The documents filed Tuesday included copies of those actual campaign materials including letters about an “Evening of Music” fundraiser on Feb. 10, 2006, with “special performances” by Sciortino directly related to three of the 25 charges. Sciortino wrote in a Jan. 8, 2006, letter: “As many of you know, I am a musician and will be performing.”
Also included Tuesday was a list of more than 300 other times he purportedly used public equipment for his political campaigns.
That included at least 130 postings on a county computer and software of political events for Sciortino to attend, 61 pages of names of people to invite in 2008 to a Sciortino fundraiser, a 73-page file that appears to prosecutors to be “a template for letters to over 100 people for political purposes,” and a copy of a speech in which Sciortino “asks a group of people to vote for him for county auditor, citing, among other [things], his integrity, leadership and qualifications.”

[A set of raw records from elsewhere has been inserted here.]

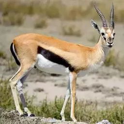 阿拉伯沙瞪羚:是偶蹄目、牛科、瞪羚属的食草动物。头尾长97厘米,身高约55-60厘米。…
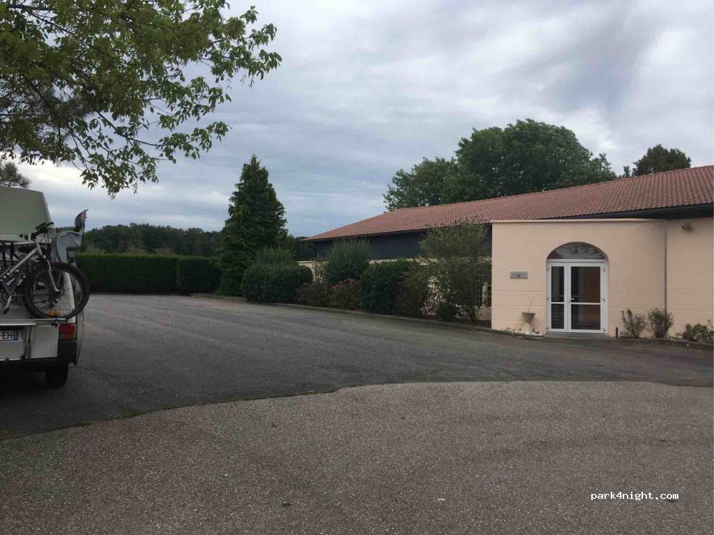 Parking de salle polyvalente. Nuit super tranquille. Jolie vue à 100m derrière une barrière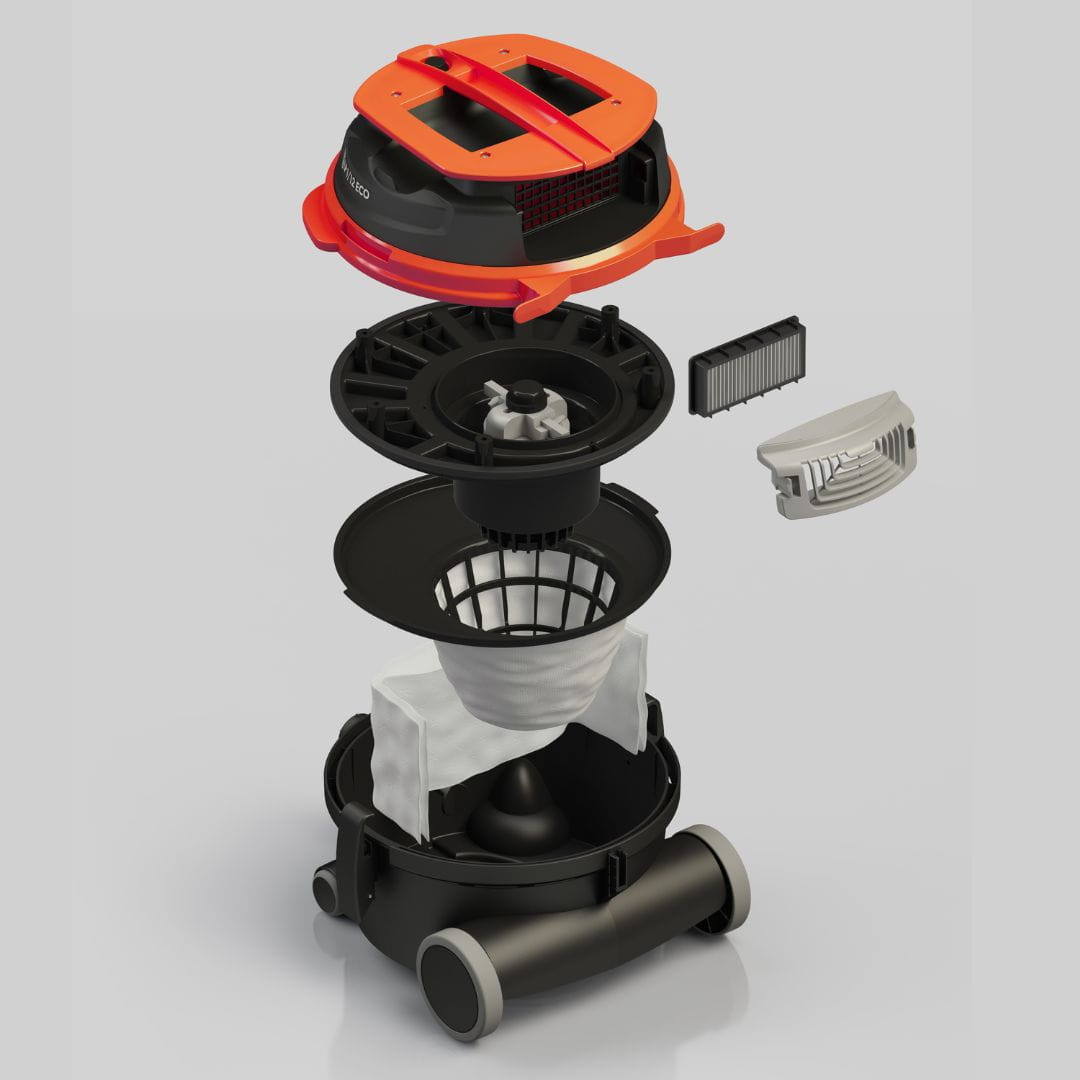 Produkt wykonany z odzyskanego plastiku - Plastikowe elementy odkurzacza są wykonane z materiałów powstałych w procesie recyklingu i nadają się w całości do ponownego przetworzenia.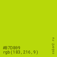 Цвет #B7D809 в цветовой модели RGB обозначается тремя октетами (183, 216, 9) в десятичном формате и #B7D809 в шестнадцатиричном (hex) формате, которые являются интенсивностью красного 183 (hex B7), интенсивность зелёного 216 (hex D8) и интенсивность синего 9 (hex 09).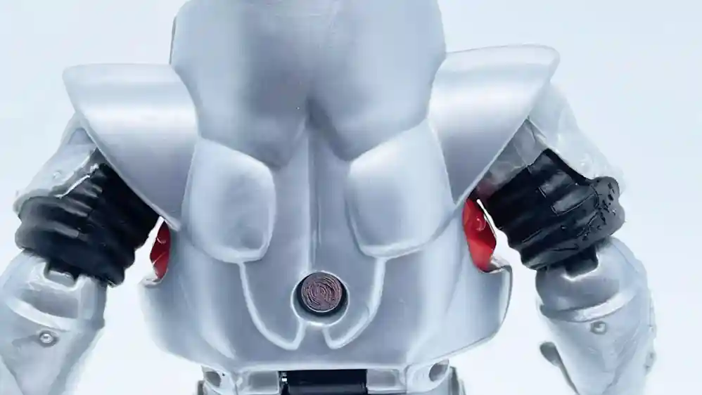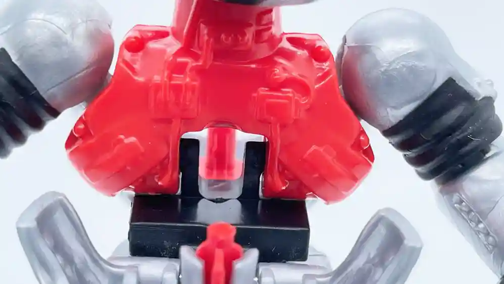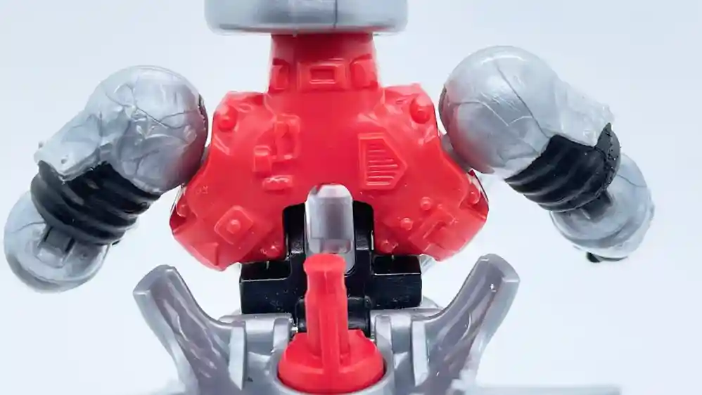 Remember when I said to wait for the armor to come bursting off? Well wait no longer but I am sad to report that the the armor does not burst off like described but upon pushing the red circular part of the Horde symbol, the chest merely unlatches, and you have to pull it down yourself. I think the parts are engineered with a tolerance that is so close the parts end up rubbing together, which prevents the armor from falling down by itself. Although a minor annoyance, the Horde Trooper does look cool all split apart. Once the armor pieces are down, you can get a good look at the inner workings of the Horde Trooper, and you can see the sculpted mechanical parts of the inside that are cast in red.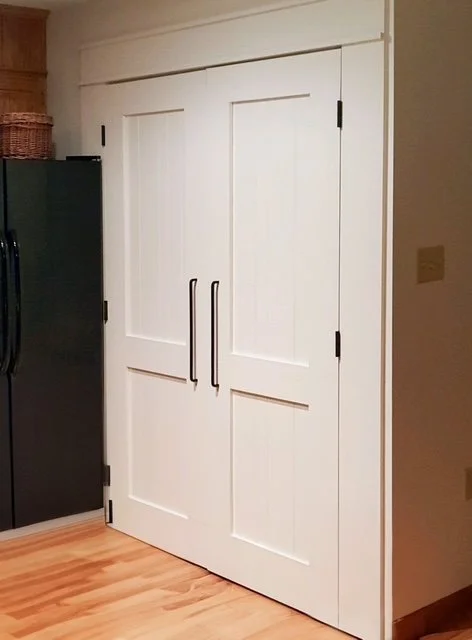 Laundry room barn doors and trim.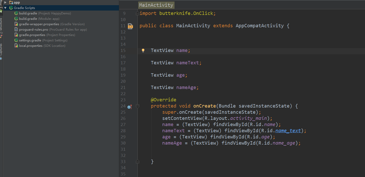 这样项目就回到findViewById的时候了~ 是不是很方便!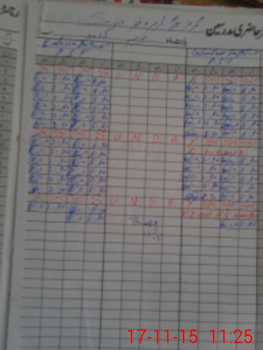 | CNIC | Full Name | Designation | R/C | Absence During Last Calender Month |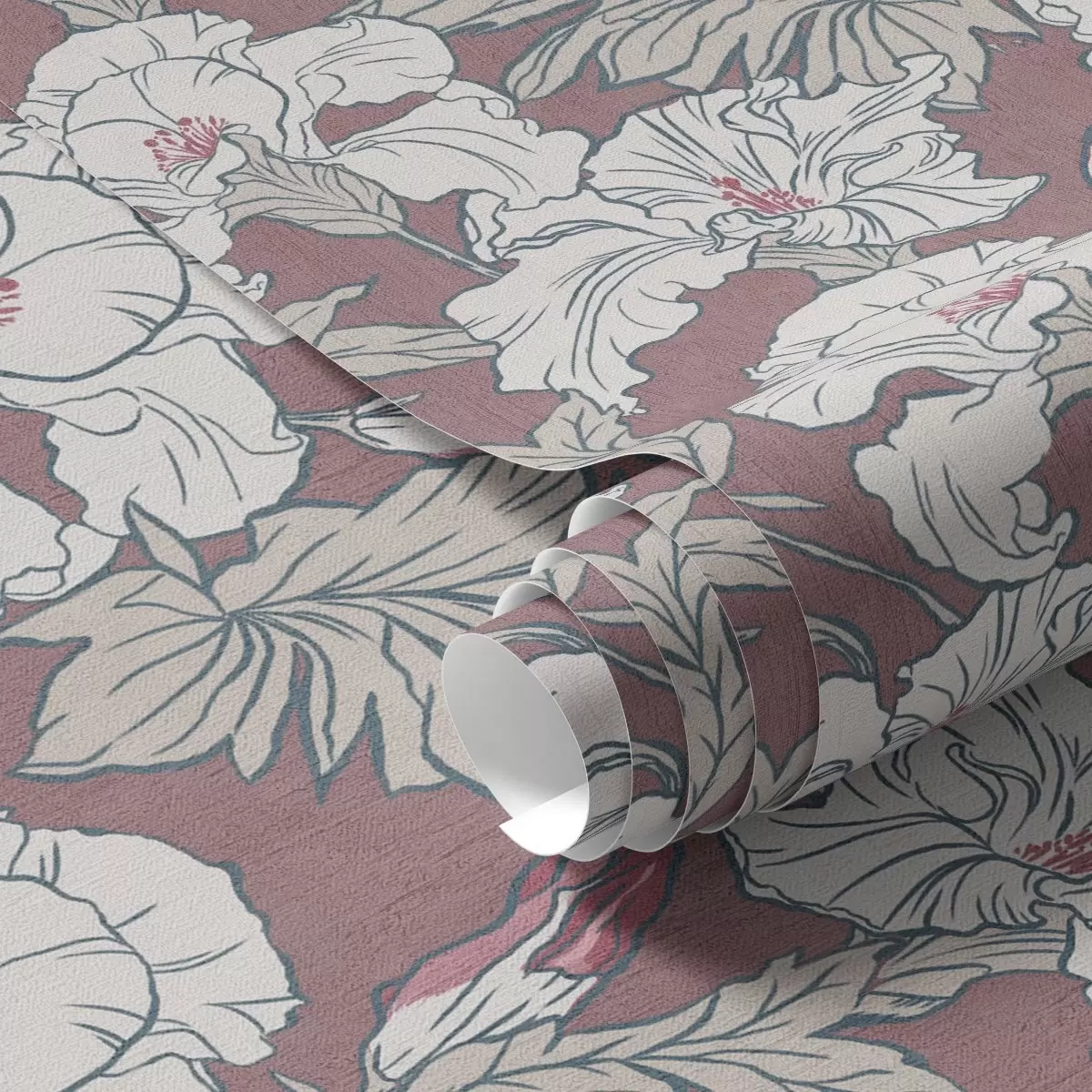 Тапет Бял хибискус на розов фон с червени пъпки Nr. a00272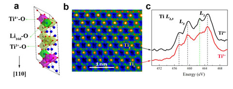 图3.Ti-L2,3原子分辨的电子能量损失谱.(a)第一性原理计算显示的不同化学状态Ti的分布示意图。(b)彩色暗场锂化的Li4Ti5O12电镜照片。(c)Ti-L2,3原子分辨的电子能量损失谱,显示锂化后的样品中的电荷非均匀分布。

Kasaris wrote that “the misuse of” computers by Sciortino was “a continued reflection of corruption.”
This case is assigned to Mahoning County Common Pleas Court Judge Shirley Christian.
Sciortino was appointed auditor by the county Democratic Party, with assistance from then-Chairwoman Antonini on Sept. 14, 2005, to fill the vacancy left by Tablack. Sciortino was elected in 2006 and 2010, then lost the 2014 election to Republican Ralph Meacham.
Sciortino was under indictment in both the 2010 and 2014 elections. The first case was dismissed in July 2011, with the ability to indict him again, when the FBI wouldn’t turn over secretly recorded tapes of defendants. The tapes were given to the attorney general’s office last year, and Sciortino, Yavorcik and McNally were indicted. That case is supposed to go to trial March 1, 2016.